GERS Legal Counsel Cathy Smith said that although the Legislature has the right as plan sponsor to make requirements of the system, the ultimate responsibility for GERS’s financials lies with the board. In her view, the proposed bill asks the board to disregard that responsibility.

“Obviously I have general objections to forcing us to bring back the loans because the board members have a fiduciary responsibility; you can be sued for breaching that,” Smith said.

The board determined that since they were not asked to testify on the bill, the best course of action would be to write a letter to its sponsors, something Callender said he had already done. The board also discussed a media outreach plan to make their case to the public that the GERS loan program must remain suspended.
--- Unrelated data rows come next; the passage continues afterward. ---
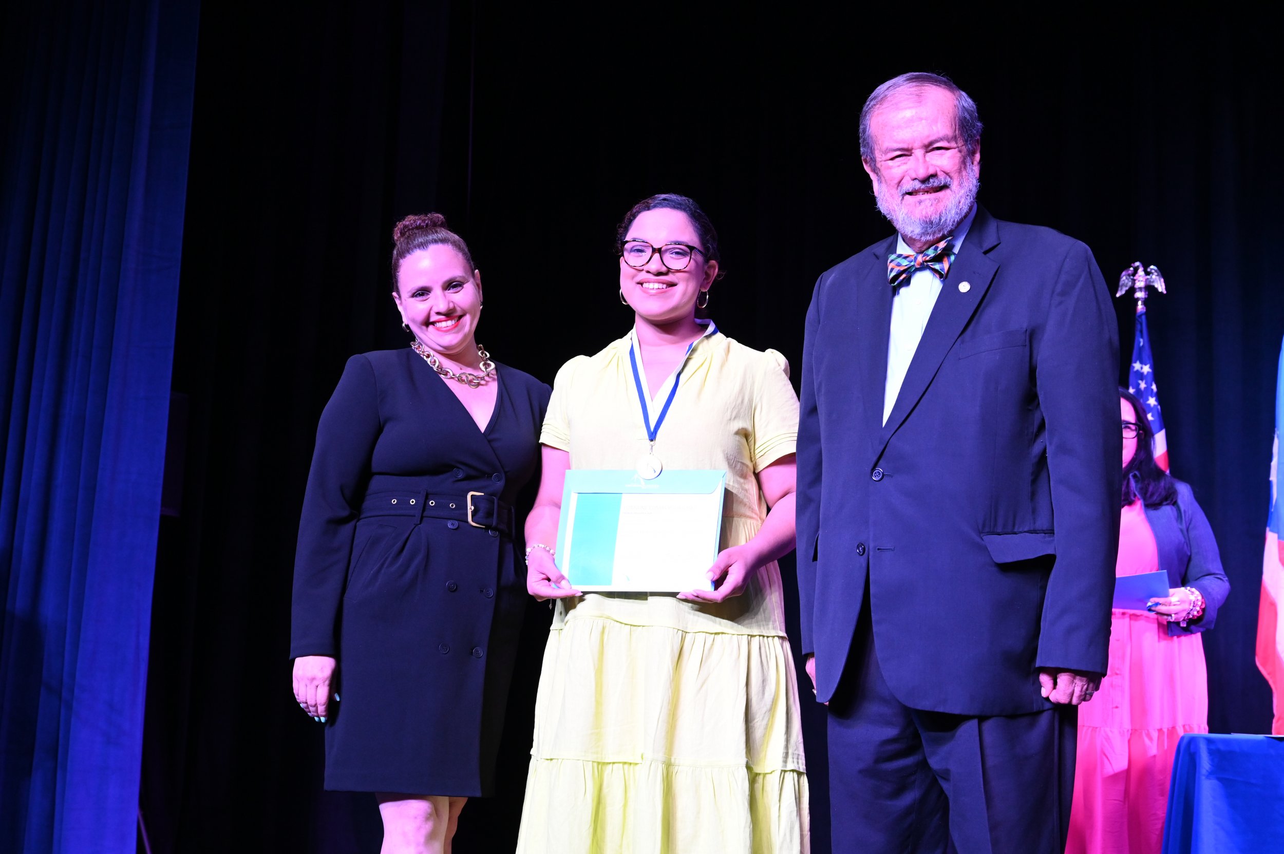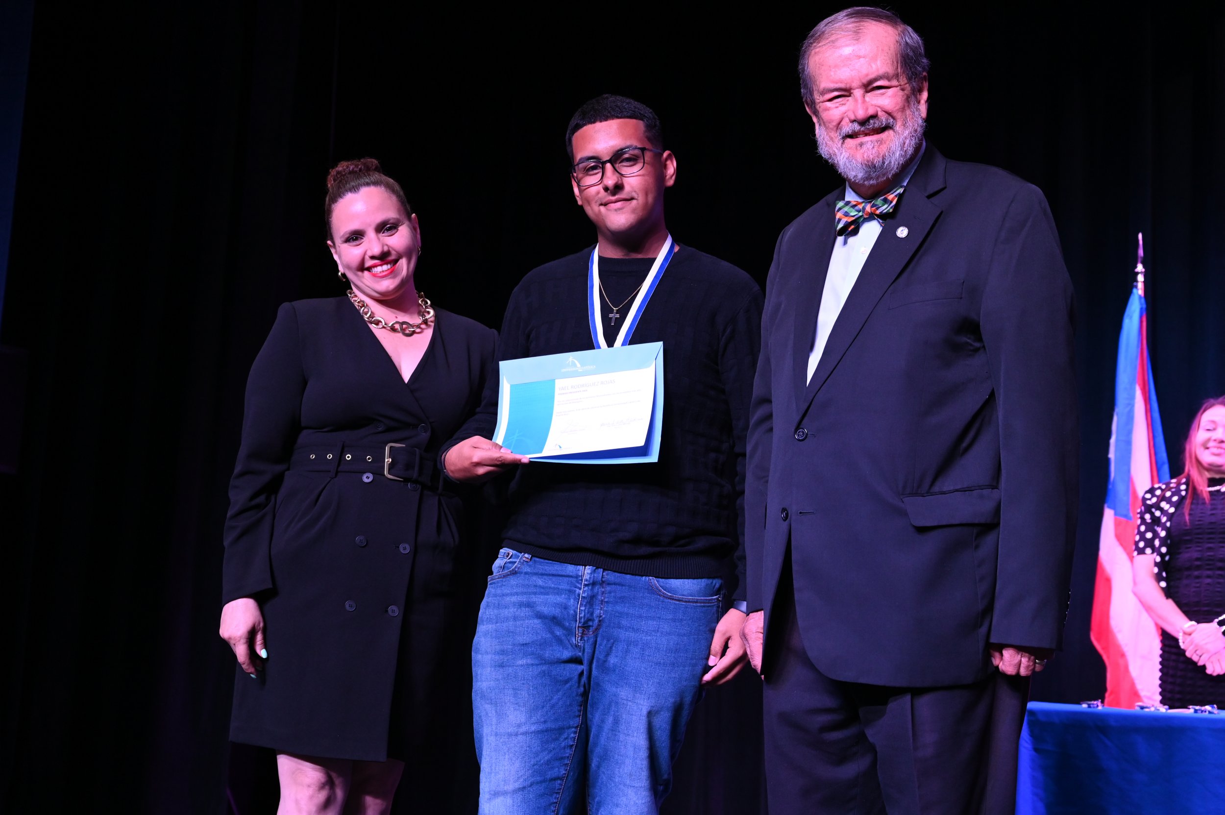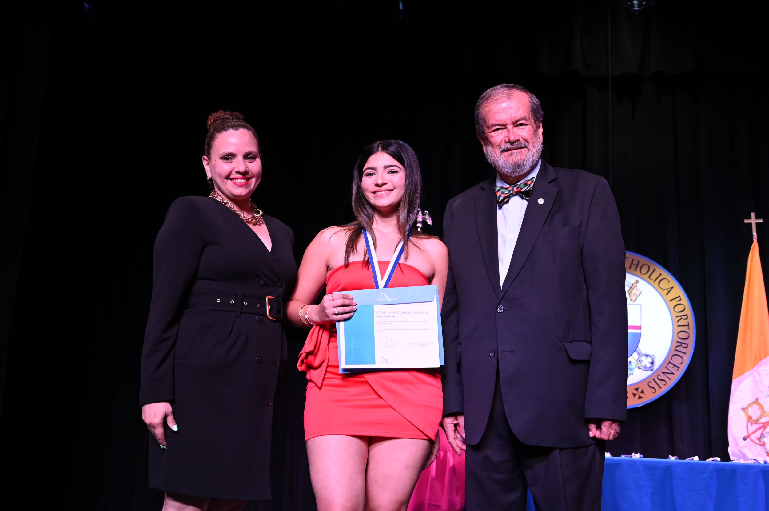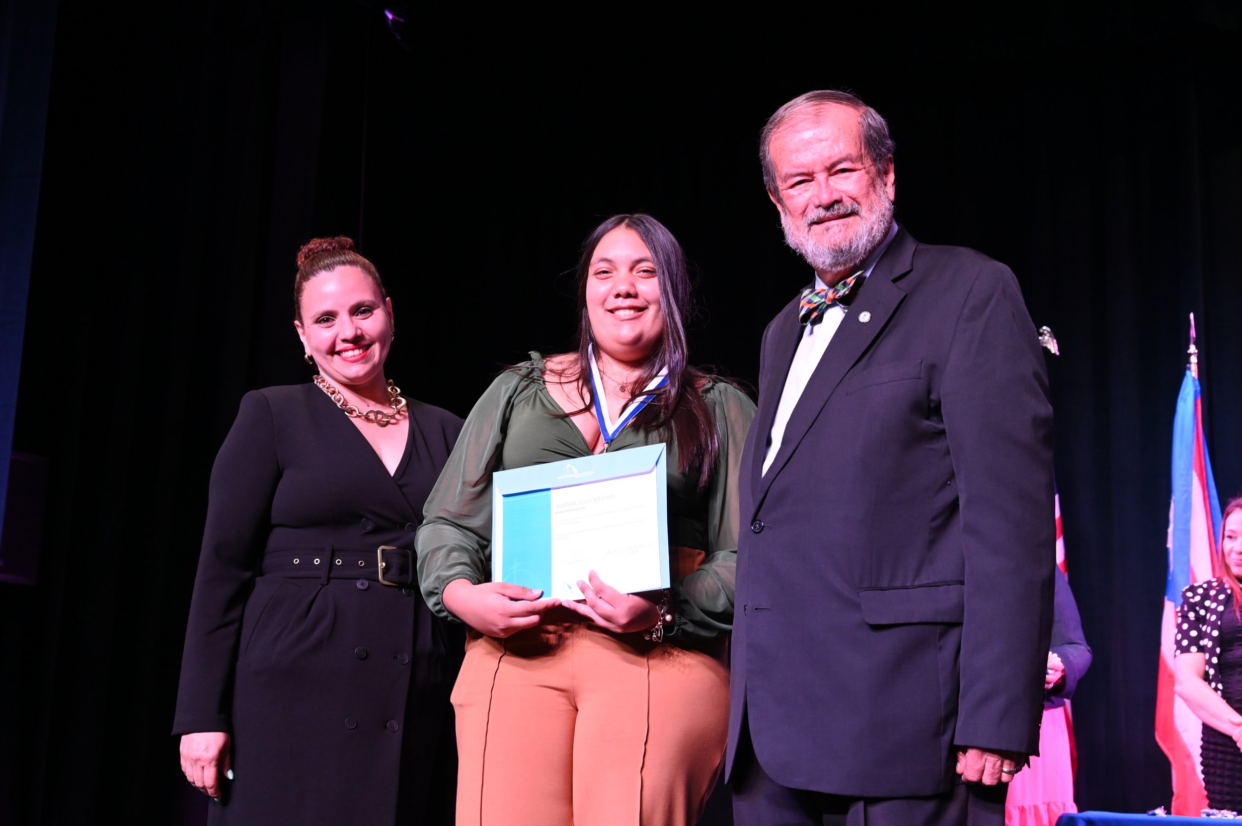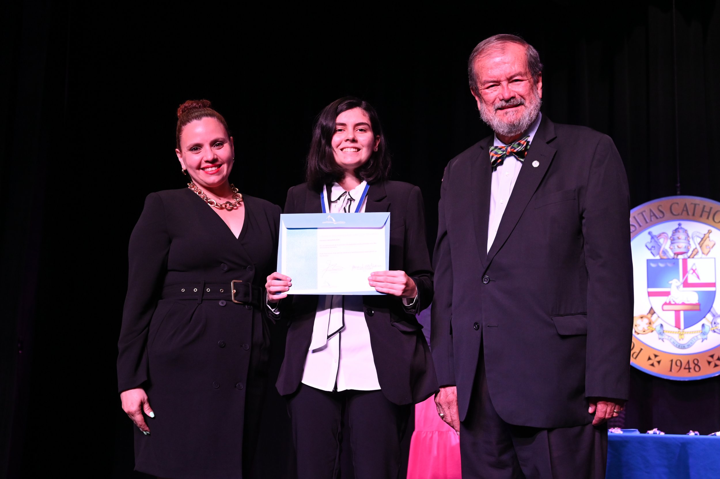 En una emotiva ceremonia celebrada en el Teatro de la PUCPR, los estudiantes recibieron este prestigioso premio de manos del Dr. Jorge I. Vélez Arocho, presidente de la PUCPR y de la rectora del recinto la Dra. Yaira Ortiz Medina. La rectora compartió su orgullo por los estudiantes galardonados: “Es la primera vez que celebro este premio junto a los estudiantes, y sobre todo junto al presidente, así que mi corazón está lleno de entusiasmo, de alegría y de emoción ”, mencionó la Dra. Ortiz.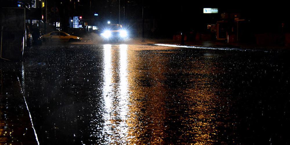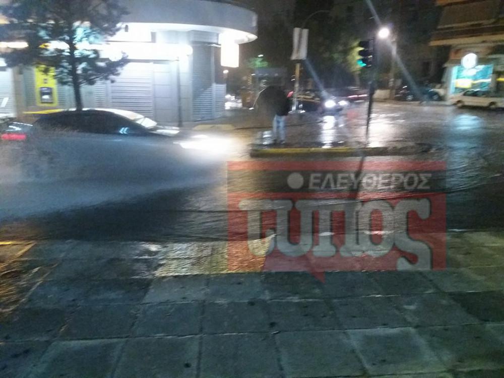 Λίγο μετά τις δέκα το βράδυ ξέσπασε πολύ δυνατή βροχή με συνέπεια οι δρόμοι να μετατραπούν σε ποτάμια.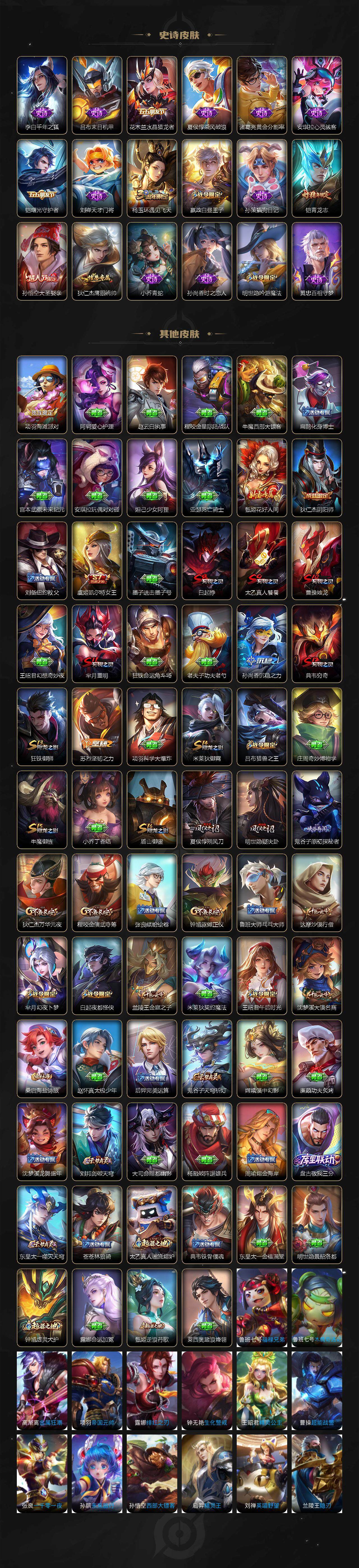 【史诗皮肤】:赵云皇家上将,貂蝉圣诞恋歌,王昭君偶像歌手,狄仁杰魔术师,宫本武藏鬼剑武藏,妲己魅力维加斯,李白千年之狐,吕布末日机甲,花木兰水晶猎龙者,夏侯惇乘风破浪,诸葛亮黄金分割率,安琪拉心灵骇客,铠曙光守护者,刘禅天才门将,杨玉环遇见飞天,嬴政白昼王子,孙策猫狗日记,铠青龙志,孙悟空大圣娶亲,狄仁杰鹰眼统帅,小乔青蛇,孙尚香时之恋人,明世隐吟游魔法,黄忠百相守梦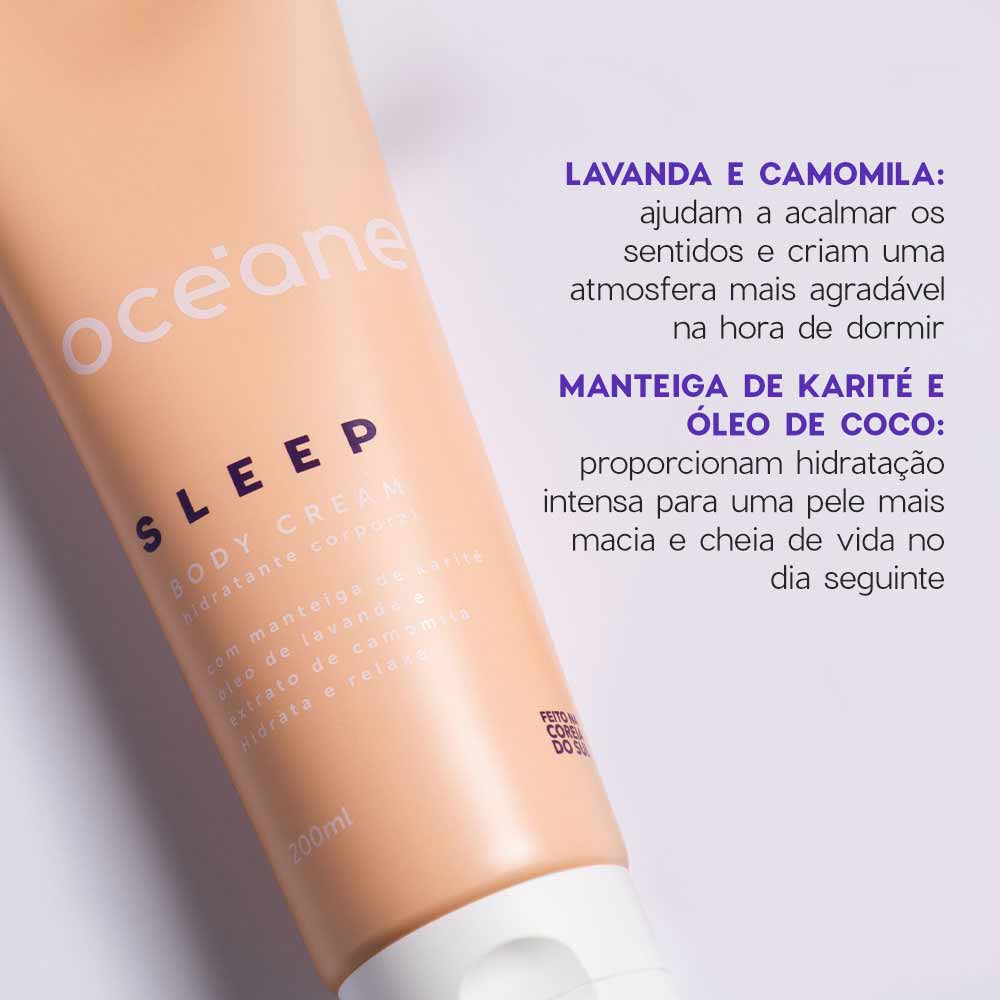 O Cream é um hidratante corporal noturno formulado para proporcionar uma experiência de relaxamento completa antes de dormir. Ele serve para hidratar profundamente a pele enquanto seus ativos naturais ajudam a criar um ambiente propício para o descanso, aliviando o estresse e promovendo a tranquilidade. Com ingredientes cuidadosamente selecionados, o Sleep Body Cream é mais do que um simples hidratante é uma verdadeira terapia noturna que cuida do seu corpo e mente.
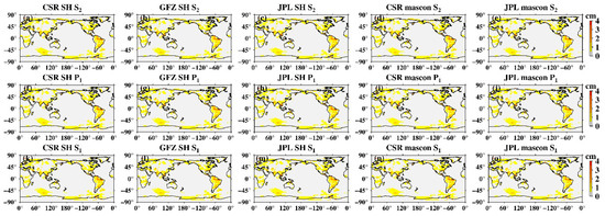 Least-square fit of the global amplitudes of S2, P1, and S1 tide aliasing. (a–e) Amplitude maps of the S2 aliasing in CSR SH data, GFZ SH data, JPL SH data, CSR mascon data, and JPL mascon data, respectively; (f,g) amplitude maps of the S2 aliasing in CSR SH data, GFZ SH data, JPL SH data, CSR mascon data, and JPL mascon data, respectively; (h–o) amplitude maps of the S1 aliasing in CSR SH data, GFZ SH data, JPL SH data, CSR mascon data, and JPL mascon data, respectively.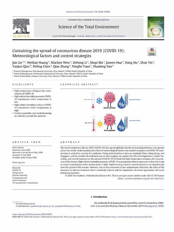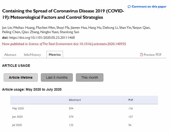 该成果以“Containing the spread of coronavirus disease 2019 (COVID-19): Meteorological factors and control strategies”为题被Science of the Total Environment接收并在线发表(图2),该期刊的最新影响因子为6.551,在环境科学200多个SCI检索期刊中排名前8.11%。截止目前为止,论文预印版已被浏览1000次,下载319次(图3)。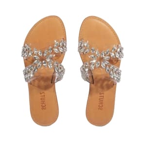 Essa sandália rasteira combina a praticidade do modelo slide com o glamour da aplicação de pedras sobre o vinil transparente, material que adiciona um toque trendy ao visual. Sabe aquele modelo fácil de usar e que faz toda a diferença no look? É essa sandália glam!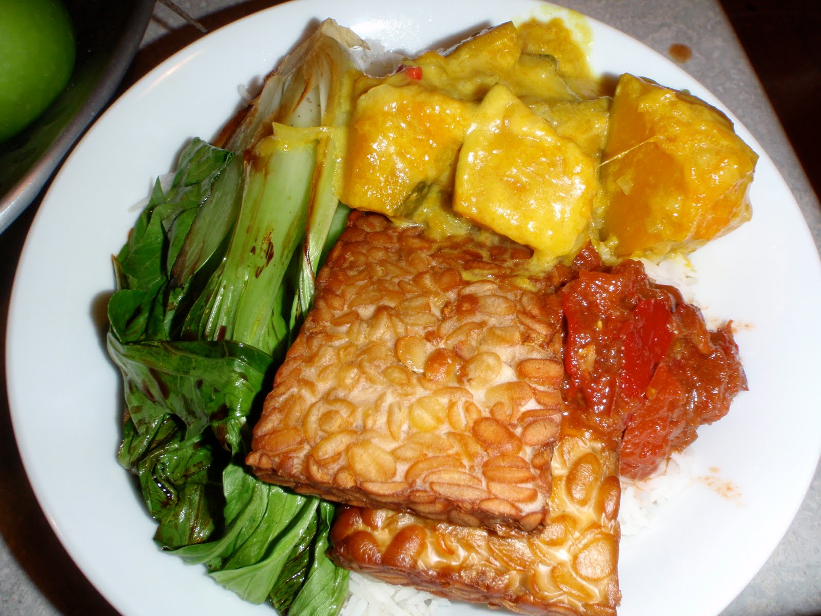 At its base are boiled long beans, spinach, potato, corn, egg and bean sprouts coupled with cucumber, tofu and tempe.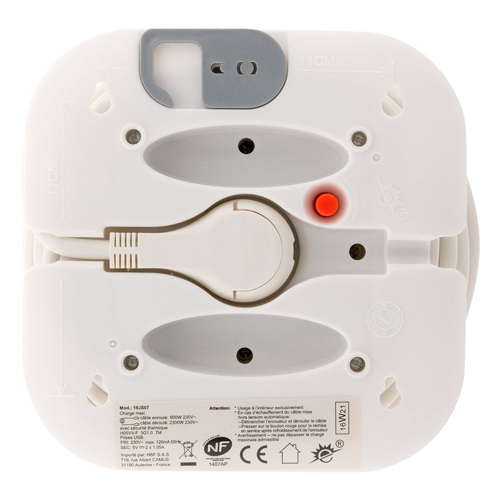Caractéristiques de l'enrouleur domestique 3 prises 2P+T 16A + 2x USB - 7m - Zenitech :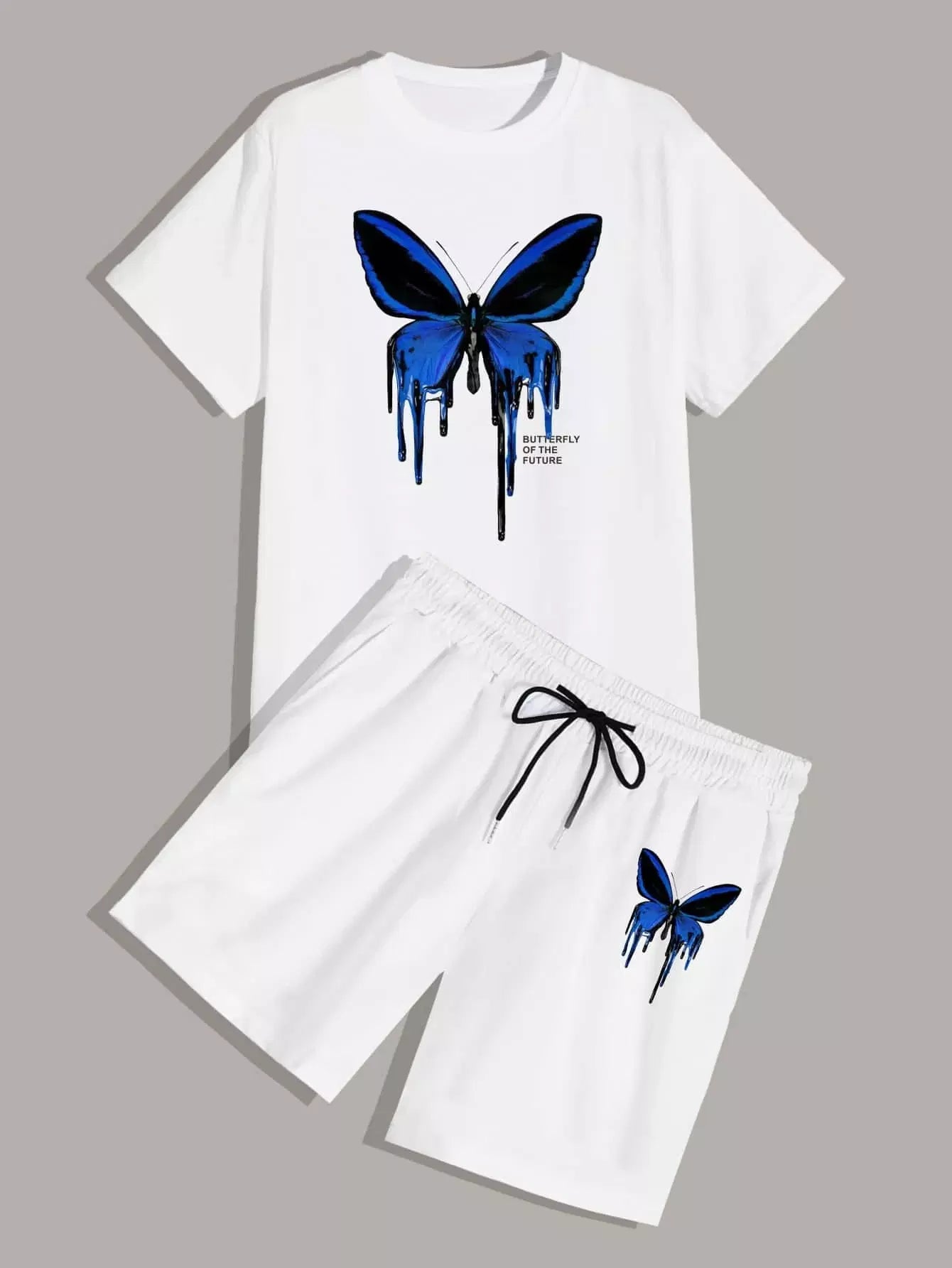 Men Butterfly And Letter Graphic Tee With Drawstring Waist Shorts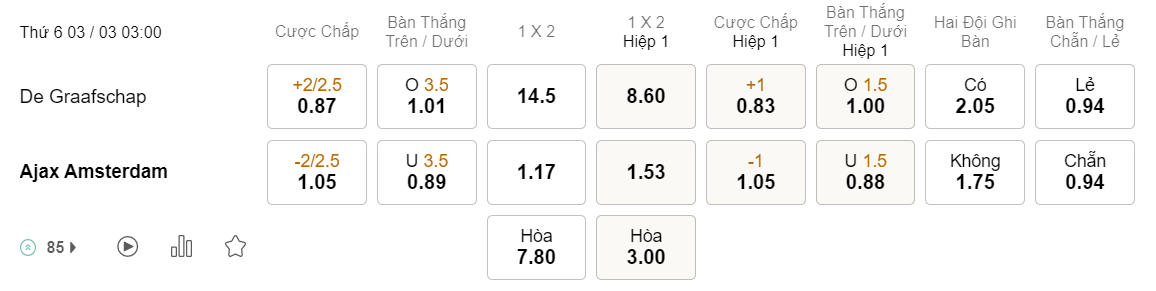Soi kèo hiệp 1 De Graafschap vs Ajax: 0.83*1*1.05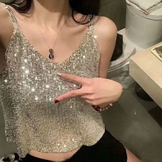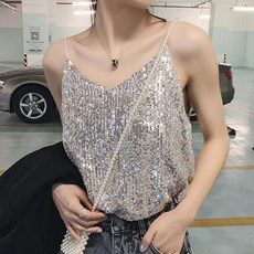 여성 블링 스팽글 끈 나시 W290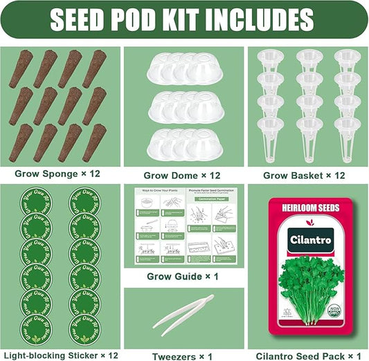 Cilantro Seed Pods for All Hydroponics Growing Systems, 12 Pods Herb Kit with 200+ Seeds of Cilantro, Grow Your Own Herb Garden at Home

Also at Thursday’s meeting the board approved:

- A contract in the amount of $115,610 with Bert Smith & Co. to conduct GERS’s fiscal year 2015 audit of financial statements.

- The 2016 board calendar with the amendment that the chairman will determine the date and location of a February investment managers meeting.

Board members present were Callender, Michael McDonald, Leona Smith, Desmond Maynard, Edgar Ross and Carol Callwood. Vincent Liger was absent.